Испуганные свидетели утверждали, что ужасная чёрная собака, – противоестественное существо, похожее на человека (руки, ноги, туловище, но шерстяная пёсья башка и чёрный язык, с которого капала кровь) возникало, как приведение, из огромной ямы в земле – заброшенного железорудного карьера. Наш учитель по физике, преподававший в силу дефицита в городе педагогических кадров русский язык и литературу, не верил суевериям и объяснял массовые видения тем, что мы живём в самом центре магнитной Аномалии, которую ещё до революции открыл академик Губкин. А, мол, на Аномалии с людьми всегда ненормальные вещи происходят. Ведь само слово «аномалия» с латыни переводится как «ненормальность».

Однако в том же году, когда Пашкиного приёмного батю, «доктора Лукича», как его звала вся Красная Слобода, в смирительной рубашке, под конвоем милиции отвезли в Красную Тыру, где находился единственный в области сумасшедший дом, наш мудрый учитель своими глазами видел этого чудовищного чёрного пса. И, как он утверждал, сидя в школьной кочегарке за бутылкой самогона с Кузьмичом, подрабатывавшим в холодное время года истопником, пёс этот был говорящим (!). Правда, из-за страха, сковавшего все члены физика и лирика в одном флаконе, он не мог вспомнить, что именно говорил ему пёсо-человек. Только повторял великие слова Вильяма Шекспира, что «на свете есть много такого, друг Горацио, что неизвестно нашим мудрецам».
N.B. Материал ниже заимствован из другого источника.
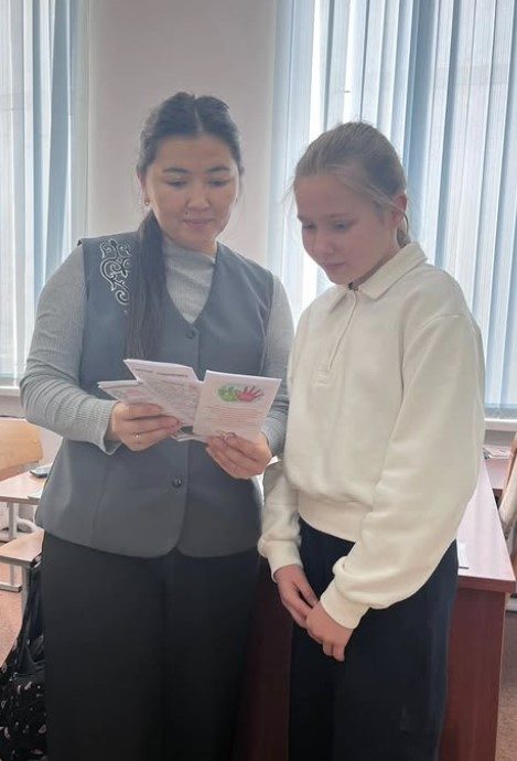 «Адал Азамат» бірыңғай тәрбие бағдарламасын іске асыру аясында мектепте жасөспірімдер арасында нашақорлықтың алдын алуға бағытталған плакаттар мен буклеттер байқауы өткізілді. Бұл іс-шараға қатысу оқушылардың салауатты өмір салты мен жеке жауапкершілік мәселелеріне саналы көзқарасын қалыптастыруға ықпал етті. 5 «В» сыныбының оқушылары тақырыптық материалдар дайындап қана қоймай, оларды тарату жұмысына да белсенді қатысты. Олар мұғалімдер мен мектеп қызметкерлеріне буклеттер таратып, ақпараттық түсіндіру жұмыстарын жүргізді. Өткізілген іс-шара профилактикалық және ағартушылық сипатта болып, оқушылардың әлеуметтік белсенділігін дамытуға және «Адал Азамат» бағдарламасының құндылықтарын нығайтуға ықпал етті.
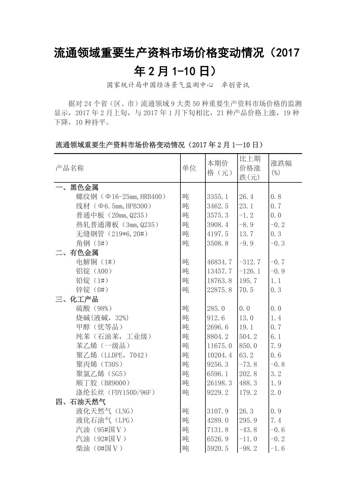 流通领域重要生产资料市场价格变动情况(2017年2月1-10日).doc
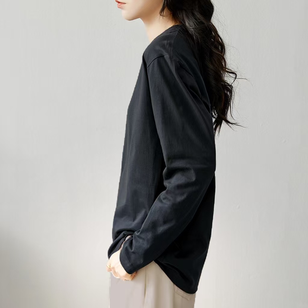 2025新款秋冬新疆长绒棉圆领男女长袖t恤情侣打底衫百搭潮流上衣
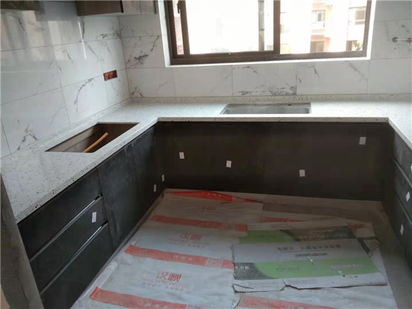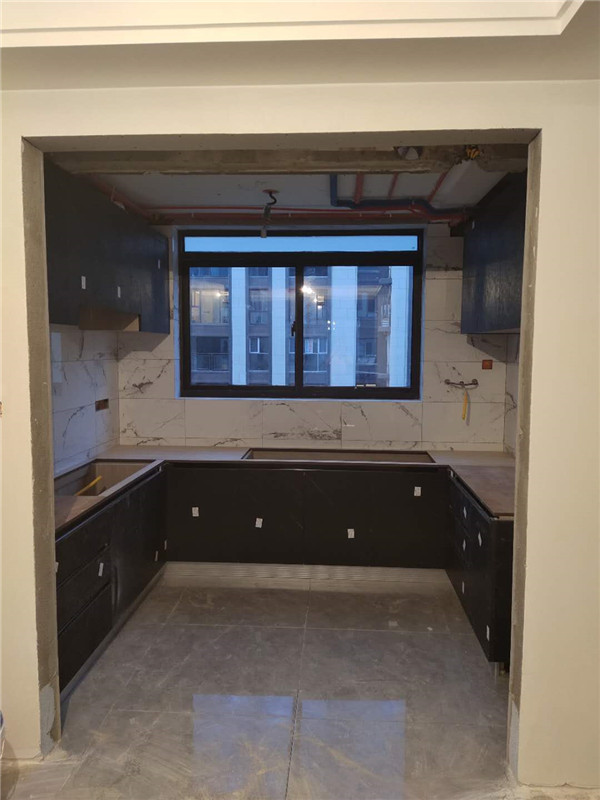 柜子安裝好后進入臺面測量環節,臺面量完后一個星期內送貨并安裝。
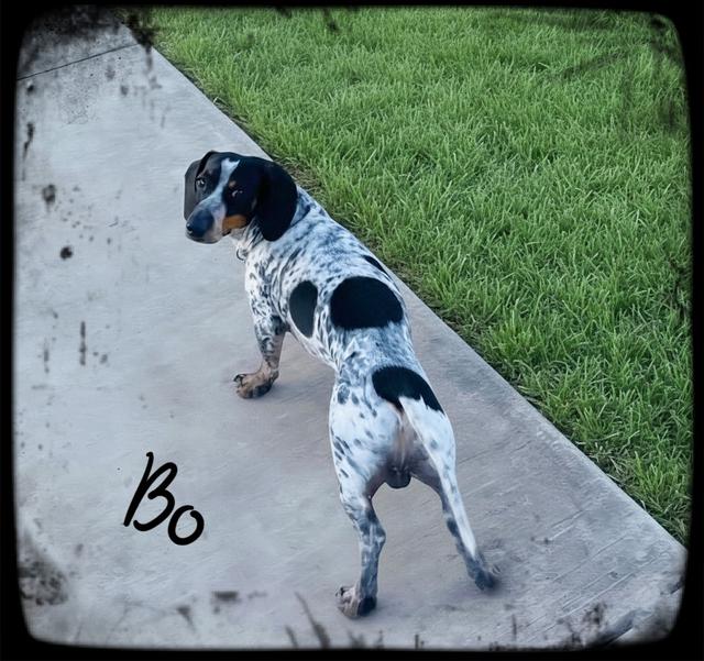 This is Bo! He is a smooth blk/tan piebald that we will be using as a temporary stud until Pretzel is old enough. He is a grandson of our former dogs, Pepper and Stetson!

В том, что Фока Лукич «съехал с катушек», я сперва даже не сомневался. Всегда хмурый, не шибко общительный врач-пенсионер, якобы после встречи с легендарной чёрной собакой, которая открыла ему все тайны краснослободского двора, вдруг стал ходить по райкомам, исполкомам, трижды ездил в Красную Тыру и все писал, писал… Требовал, чтобы – язык не поворачивался сказать – раскопали могилу секретаря Краснослободского райкома, героя-партизана Петра Карагодина. Зачем?.. Ну, съехал человек с катушек. Жизнь-то Фоки Лукича не сахар была. А потом, зачем изводил себя писаниной, сидя за «бурдовой тетрадью» днями и ночами напролёт? В России, ещё Грибоедов говорил, горе всегда от ума.

О том, что Фока Лукич Альтшуллер уже не одно десятилетие пишет не то дневник, не то книгу или даже целую «Библию от Фоки» знала вся Слобода. О существовании бордовой тетради (сам доктор в шутку называл её «бурдовой»), конечно же, лучше всех знал Пашка. И, по его словам, он, конечно же, в тайне от автора, читал некоторые страницы «бурдовой тетради», написанные тем ужасным почерком, каким Фока Лукич выписывал всем своим пациентам рецепты на порошки и пилюли. Хорошо помню тот день, когда Пашка поведал мне свистящим шепотом заговорщика:

– Отец на первой странице вчера написал название своей писанины…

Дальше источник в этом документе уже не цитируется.